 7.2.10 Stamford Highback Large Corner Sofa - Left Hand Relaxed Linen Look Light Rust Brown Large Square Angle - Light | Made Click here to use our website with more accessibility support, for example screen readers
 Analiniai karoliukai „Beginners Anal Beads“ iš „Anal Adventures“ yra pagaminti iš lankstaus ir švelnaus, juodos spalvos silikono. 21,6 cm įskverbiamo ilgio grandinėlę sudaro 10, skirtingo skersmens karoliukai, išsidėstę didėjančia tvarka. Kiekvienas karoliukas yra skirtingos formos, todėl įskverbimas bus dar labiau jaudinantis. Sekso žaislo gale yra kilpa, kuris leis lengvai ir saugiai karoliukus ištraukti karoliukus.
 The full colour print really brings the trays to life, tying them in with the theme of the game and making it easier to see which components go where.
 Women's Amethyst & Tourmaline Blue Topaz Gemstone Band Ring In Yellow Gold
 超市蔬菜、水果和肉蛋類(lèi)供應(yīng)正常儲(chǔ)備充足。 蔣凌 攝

...

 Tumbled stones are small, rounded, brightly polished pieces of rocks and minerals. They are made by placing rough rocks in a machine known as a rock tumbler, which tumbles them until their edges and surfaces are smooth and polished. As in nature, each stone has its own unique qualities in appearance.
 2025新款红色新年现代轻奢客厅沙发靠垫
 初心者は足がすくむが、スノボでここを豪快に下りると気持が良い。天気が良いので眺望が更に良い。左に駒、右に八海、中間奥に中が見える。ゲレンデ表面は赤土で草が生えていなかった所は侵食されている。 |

ACTION ITEM
All lines above from the one with "The full colour" to the one with "超市蔬菜、水果和肉蛋類(lè", inclusive, should be copied exactly, and no other lines.

RESPONSE FOR THIS EXERCISE
 The full colour print really brings the trays to life, tying them in with the theme of the game and making it easier to see which components go where.
 Women's Amethyst & Tourmaline Blue Topaz Gemstone Band Ring In Yellow Gold
 超市蔬菜、水果和肉蛋類(lèi)供應(yīng)正常儲(chǔ)備充足。 蔣凌 攝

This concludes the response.